Aşının dağıtımı endişe konusu
Bir de ‘aşı’ var. İlaç tekelleri muazzam yatırımlar yapıyor, büyük devletlerden destekler alıyor ve adil dağıtım konusu tartışılıyor. Örneğin geçen ay, Nobelli bilim insanlarının da aralarında bulunduğu 140 isim, ‘People’s Vaccine’ bildirisiyle olası bir aşının adil dağıtımı konusundaki endişelerini ifade ettiler.

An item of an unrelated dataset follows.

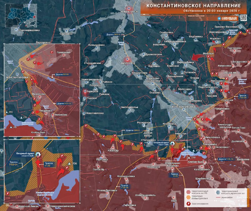 ▪️ V samotnom meste zriadili kontrolu nad líniou opevnenia zboku Predtechinočo v budúcnosti uľahčí ruským jednotkám vstup Konštantínovka z východu.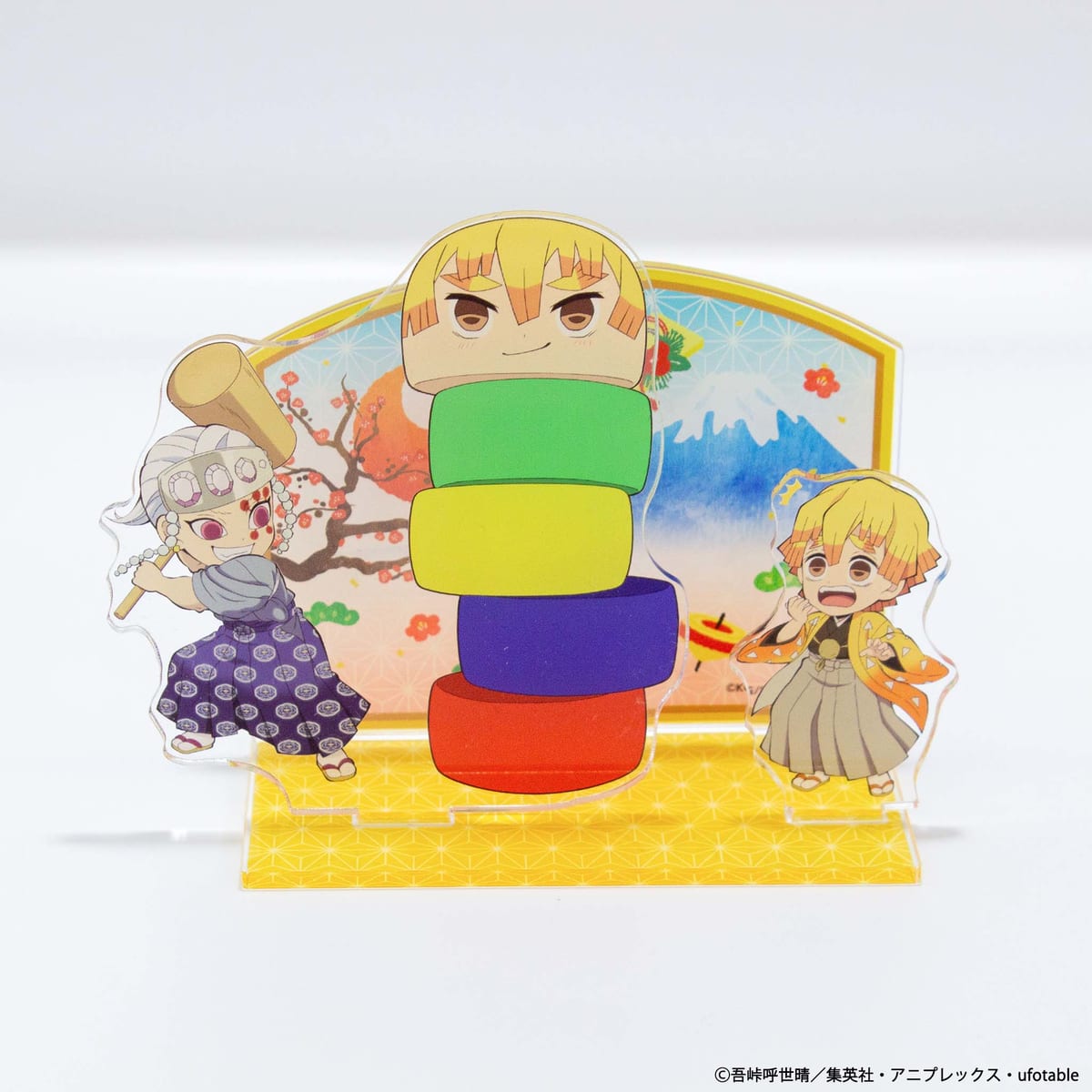 「アクリルスタンド C」は、だるま落としを楽しむ「宇髄天元」と、ヒヤヒヤしながら見ている「我妻善逸」のデザインです。

Aşı bulunsa da sorunlar bitmiyor, evet. Yoksul devletlerin, yoksul halkın, aşıya ulaşımı sorunu başlayacaktır. Bunu daha şimdiden konuşuyoruz. Herkesin aşıya ulaşamayacak olması gerçekten endişe verici ve kabul edilebilir değil. Salgınlarda izole yaşamak pek mümkün değil, birinin hasta olması birçok insanın hasta olması anlamına geliyor. Bu nedenle zengin ülkelerin bunu göz önüne alarak hareket etmeleri ve halkların sağlığını önemsemeleri gerekir. ‘People’s Vaccine’ bildirisinde önemli noktalara değinilmiş ve son derecede haklılar.
Zorlayıcı önlemler istisna olabilir
- Bir de tersinden bir tartışma var. ‘Tedaviyi reddetme hakkı’ pandemi koşullarında sıkıntılı değil mi? Örneğin ‘Ben karantina dinlemem, maske de takmam’ dediğinizde bu bir ‘hak’ olarak değerlendirilebilir mi?
Salgın hastalık halinde kişi sağlığından ziyade toplum sağlığı ön planda olacağından hastaların ‘tedaviyi reddetme veya durdurma hakkı’ndan bu dönemde söz edilemeyeceği ilk bakışta kabul edilebilir görünse de aslında bu yanlış bir yaklaşımdır. Hastanın tedaviyi almak istememesi ya da durdurmak istemesi kabul edilmelidir. Ki COVID-19 kapsamında tedavi alma zorunluluğu yoktur ülkemizde. Ancak hastalığın yayılmasına neden olabilecek davranışlarda bulunmanın önüne geçilmelidir. Bu bağlamda izolasyon, karantina gibi önlemlerde zorlayıcılık söz konusu olabilir. Maske takmamak, izolasyon ve karantinadan kaçmak, insanlara fiziksel mesafeye uygun olmadan yaklaşmak gibi davranışları hak olarak göremeyiz.